Rock music isn't "dead" in 2025 but it's way different than it was 20+ years ago. It's a lot less guitar hero and a lot more indie rock. Lots of jangly guitars that are more textured than riffing. Way more women in bands than there used to be. And Fender guitars are overwhelmingly the instruments of choice.
I read an article about a bunch of teenagers starting bands in Chicago a few years ago, and there was a chunk of the article where younger teens were highly impressed by older teens that had real Fender instruments which made them professional in their eyes. They saw Fenders as the gold standard, so that brand building really does make an impact.
Teenagers don't use computers. They didn't grow up with them and don't have much use for them outside school. They do live on their phones and tablets though. Offering a free DAW that integrates to some lower price hardware from a highly trusted brand would be huge for kids. I could see that ultimately leading to a subscription platform that offers things like loops and libraries and what not.

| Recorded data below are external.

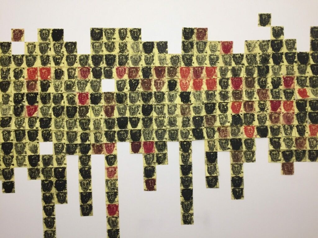 <figcaption> Admire Kumudzengerere, 'Being Here' (2016/2017), Monotype on sticky notes, image © Contemporary And
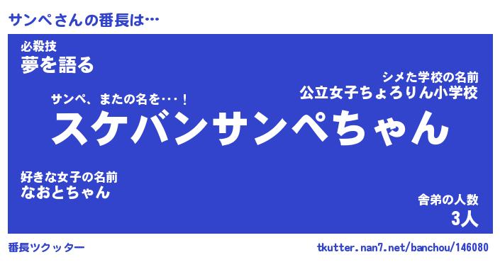 | 意味不明あだ名 | 『ペロリンサンペ』『サンペフォーエバー』 |
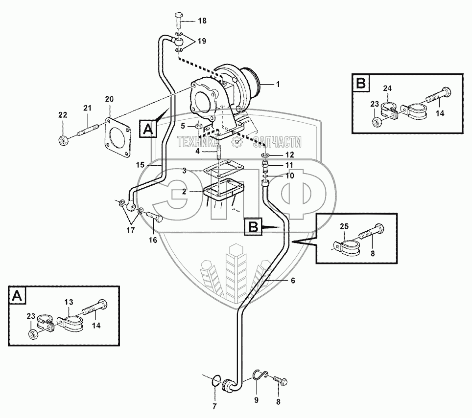 Каталог запасных частей к технике: Volvo BL60. Turbocharger with fitting parts
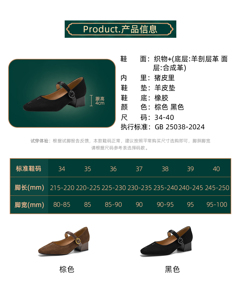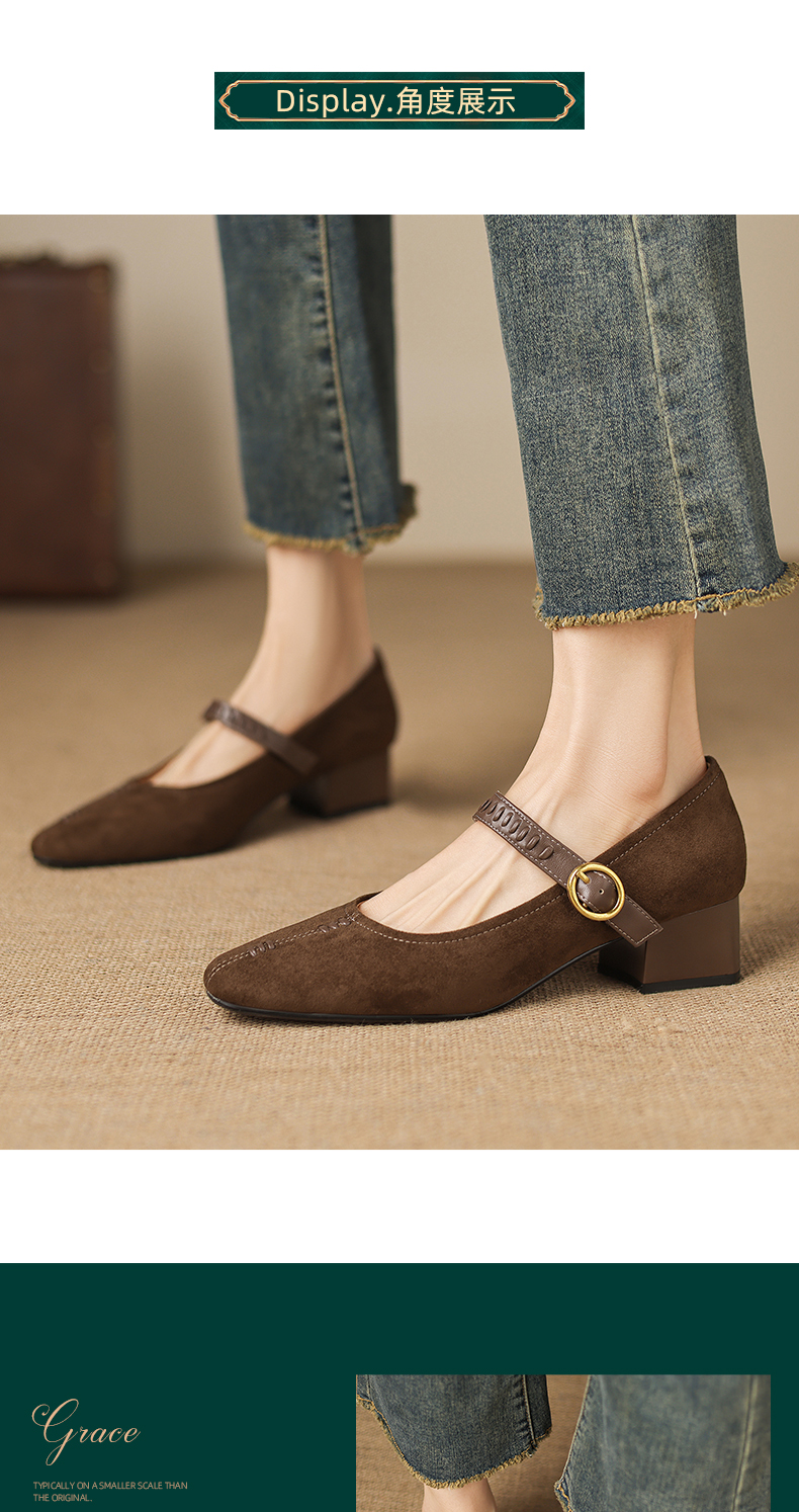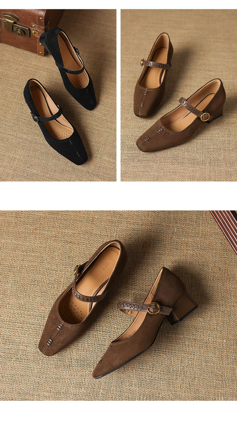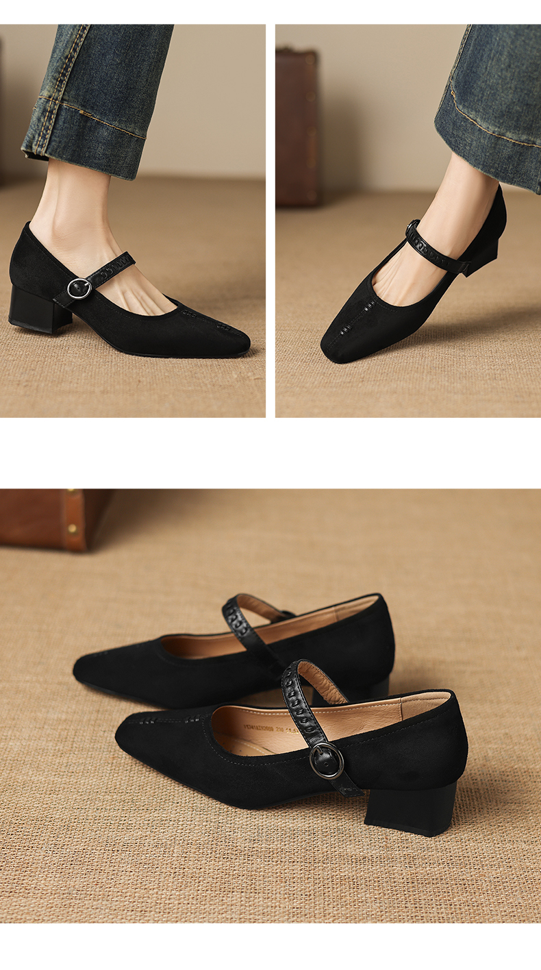 阿么手工女鞋复古一字扣玛丽珍鞋女真皮百搭日常浅口气质单鞋4CM
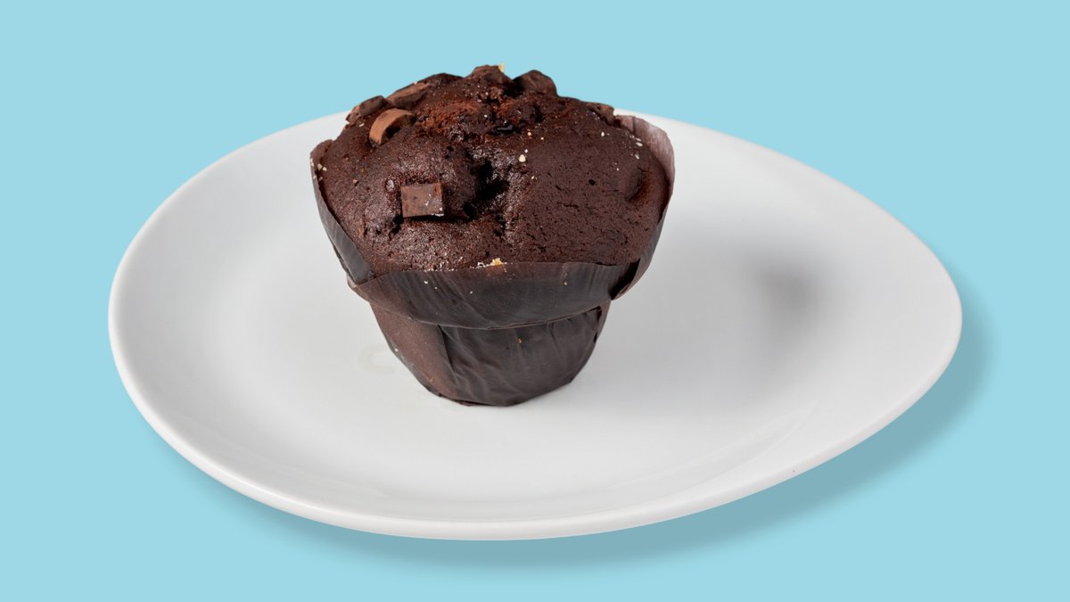 schokoladiger Muffin mit cremiger Füllung Das Gericht wurde mit Schokolade zubereitet und kann Spuren von Nüssen enthalten
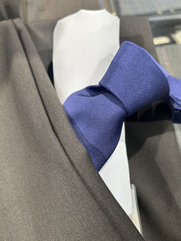 SAXのシャツにネイビーのネクタイを合わせると爽やかな印象になります。
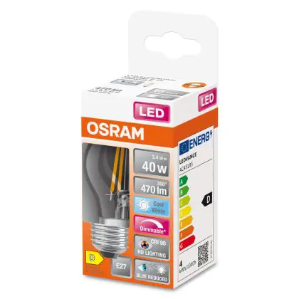 La Osram LED Superstar E27 Sferica Filamento Chiara 3.4W 470lm - 940 Bianco Freddo | Miglior Resa Cromatica - Dimmerabile - Sostitutiva 40W è la perfetta sostituzione per la tua lampada convenzionale 40W con attacco E27 grazie alla sua tecnologia LED. Passare a LED ti offrirà tanti vantaggi!
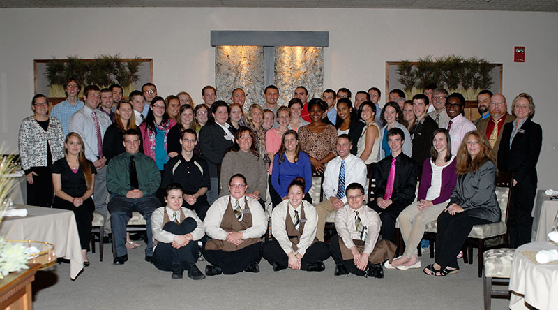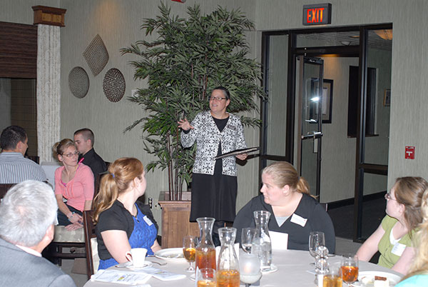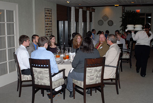 Tuesday night's Etiquette Dinner gave dozens of Penn College students the opportunity to learn the ins and outs of fine dining to prepare for a job interview or other professional event in which social graces could be a make-or-break consideration. The banquet drew about 50 students and nine mentors to Le Jeune Chef Restaurant for a School of Hospitality primer in which fork to use, why not to text during dinner, the enduring necessity of "please" and "thank you," and what to do with that pesky napkin when temporarily leaving the table. The soup-to-coffee crash course, which has grown into a semi-annual event in barely two years, is co-sponsored by Career Services and Alumni Relations.
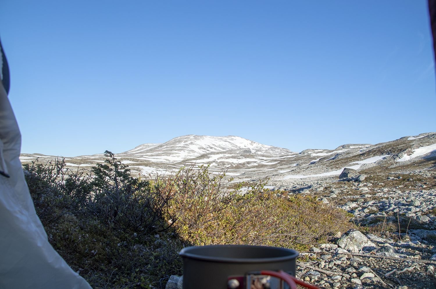 Om jeg skulle ha valgt nytt telt i dag ville jeg nok som gammel (77), litt stiv, støl og pga et kne, ganske handikappet. (15% invalid ifølge legerapport), ha valgt meg et to manns telt. Men ennå klarer jeg å opptre som slangemenneske i min lille og kjære Akto. Og siden vi er inne på telt klarer jeg ikke å la vær å vise Akto med baldkin 3 x 160. Her vises prototypen, men den jeg nå bruker nå er en modifisert Tarp fra Magasinet. Vekten øker med den bare 500 gram, men dette er gram jeg gladelig bærer på, gram jeg mer enn sparer siden jeg bare fyrer med ved i min Blikkboksovn MJK II som veier beskjedne 170 gram Og til dere som er luta lei både meg, Akto med baldakin og vedovnen får ha meg tilgitt, for i dag er det tre måneder siden jeg tok grep, la på en gelpakning på kneet, og plutselig kunne jeg gå. Det er i dag, eller rettere sagt i går 2 år siden en fatal kneoperasjon nærmest gjorde meg mer eller mindre avhengig av krykker. Men etter at jeg fikk innskytelsen om gelpakningen som jeg surrer stramt rundt kneet og så har jeg gått relativt lange turer med 18 kg på ryggen. Og nå - nå blinker Hardangervidda og Holken i det fjerne. Ikke rart jeg smiler bredt.4 poeng
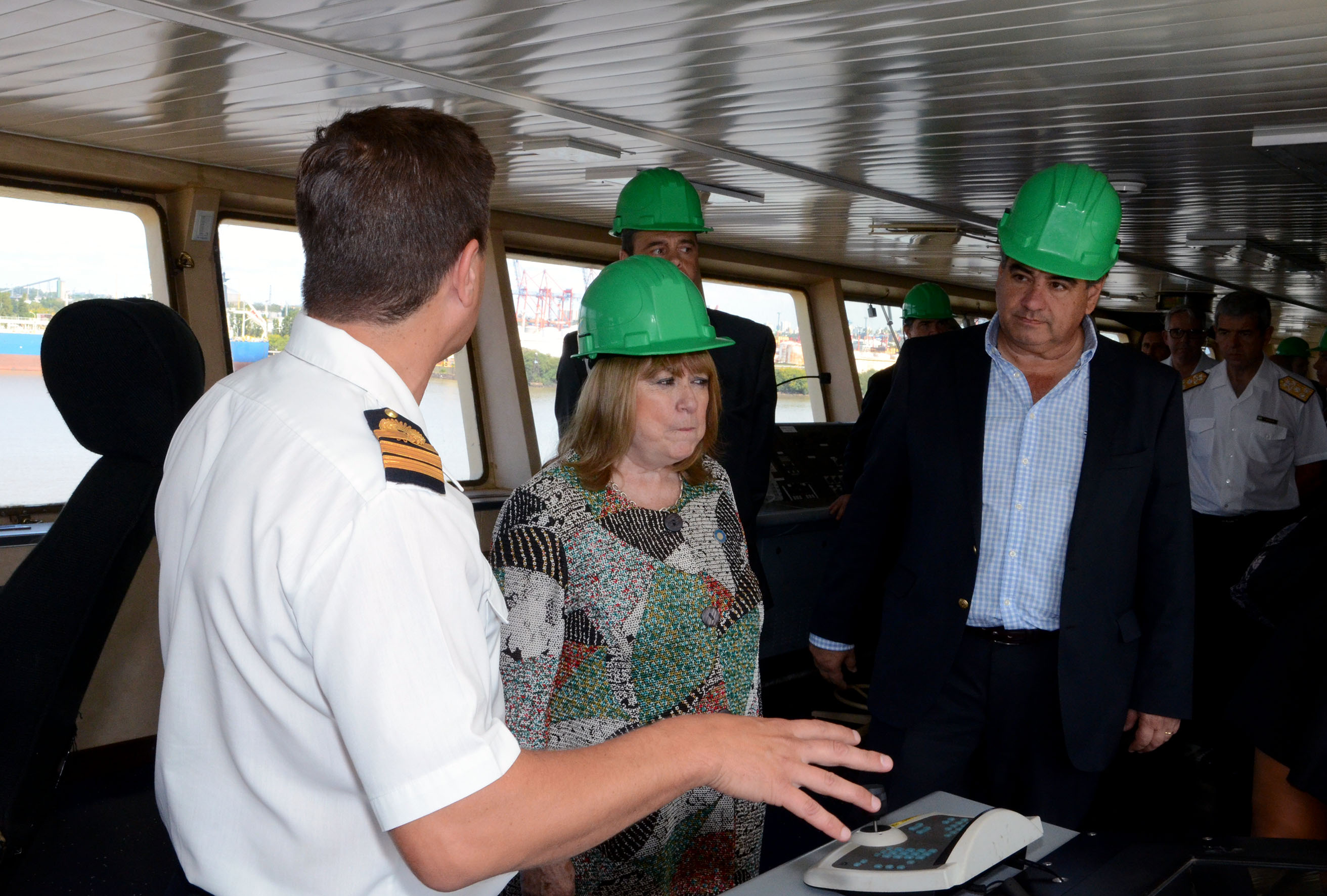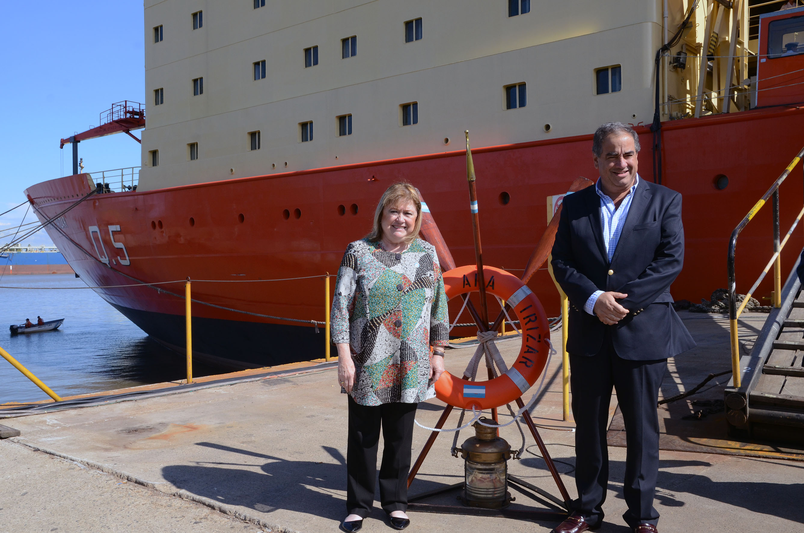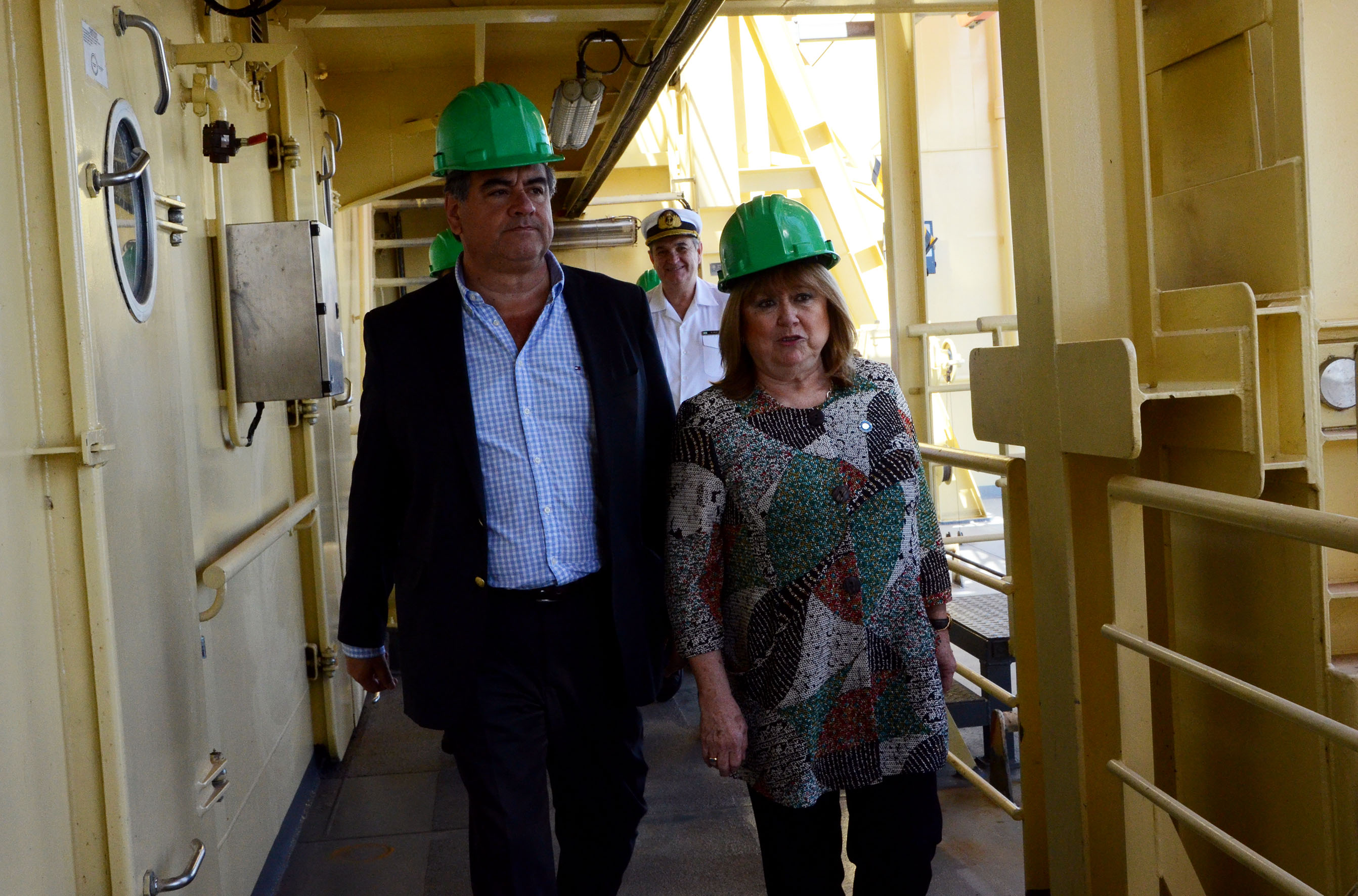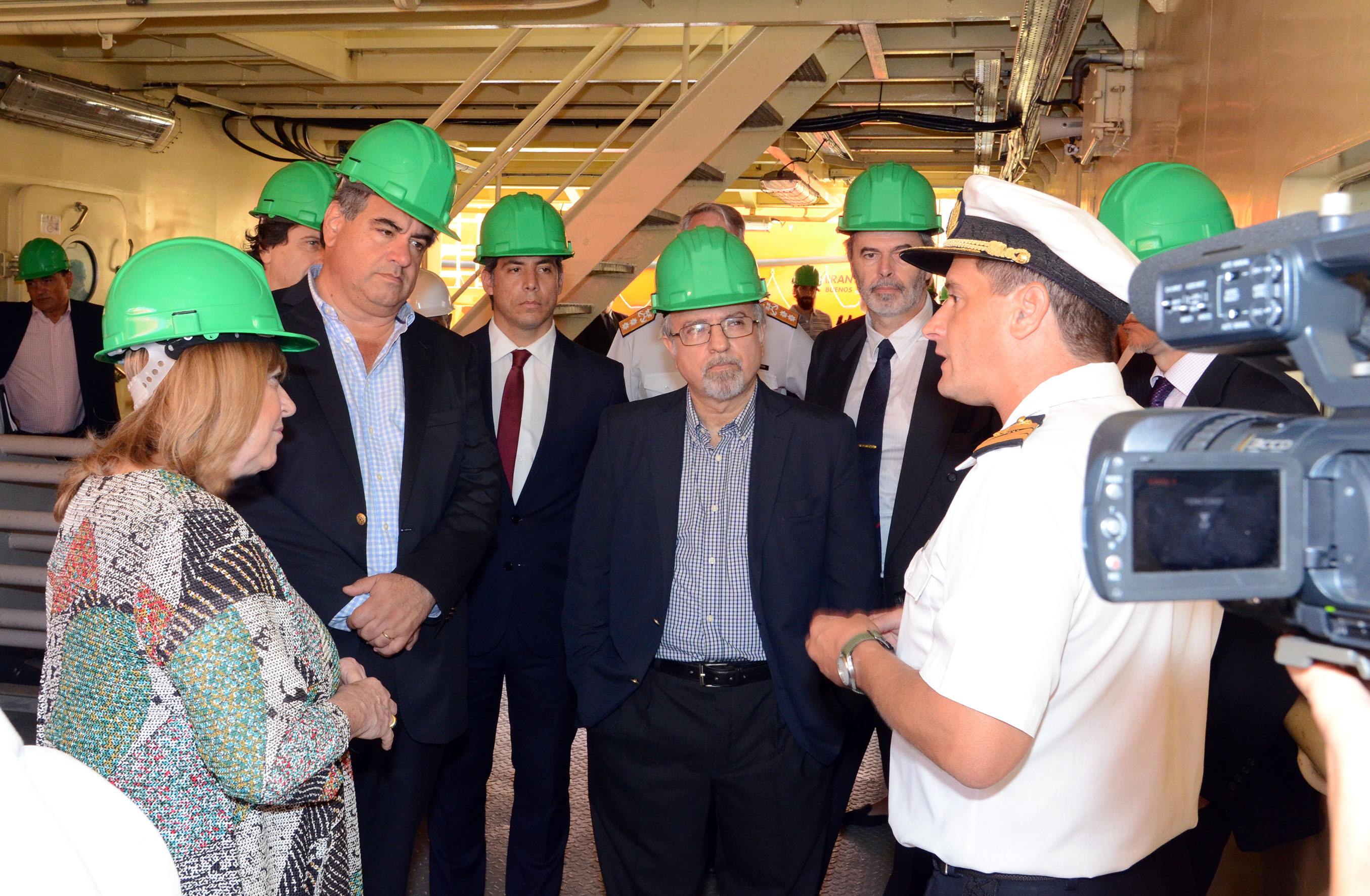 La canciller Susana Malcorra, acompañada por el Ministro de Defensa, Julio C. Martínez, visitó esta tarde el Rompehielos ARA Almirante Irízar, a fin de observar los avances en el proceso de reparación y modernización que viene realizando el Astillero Tandanor. Fotos: Roberto Daniel Garagiola

If you're 15 years old, you're not going to save up $1-2k to get a computer, audio interface, hardware modeler, and DAW. You probably already have a phone and headphones, so a free DAW plus a < $100 guitar input to your phone is way more achievable. And you don't care how accurate the modeling is because you've never even seen a tube amp in real life.
TL/DR - Fender's free DAW isn't aimed at anyone who posts on a gear forum or has a computer set up for recording already. It's for kids who are just getting into music and maybe just got their first guitar.
Plus, live stages are less relevant, and socials are all the more relevant, making recording more important. If I’m correct studio one invests a lot in video integration, would make sense to me if we are gonna see that also.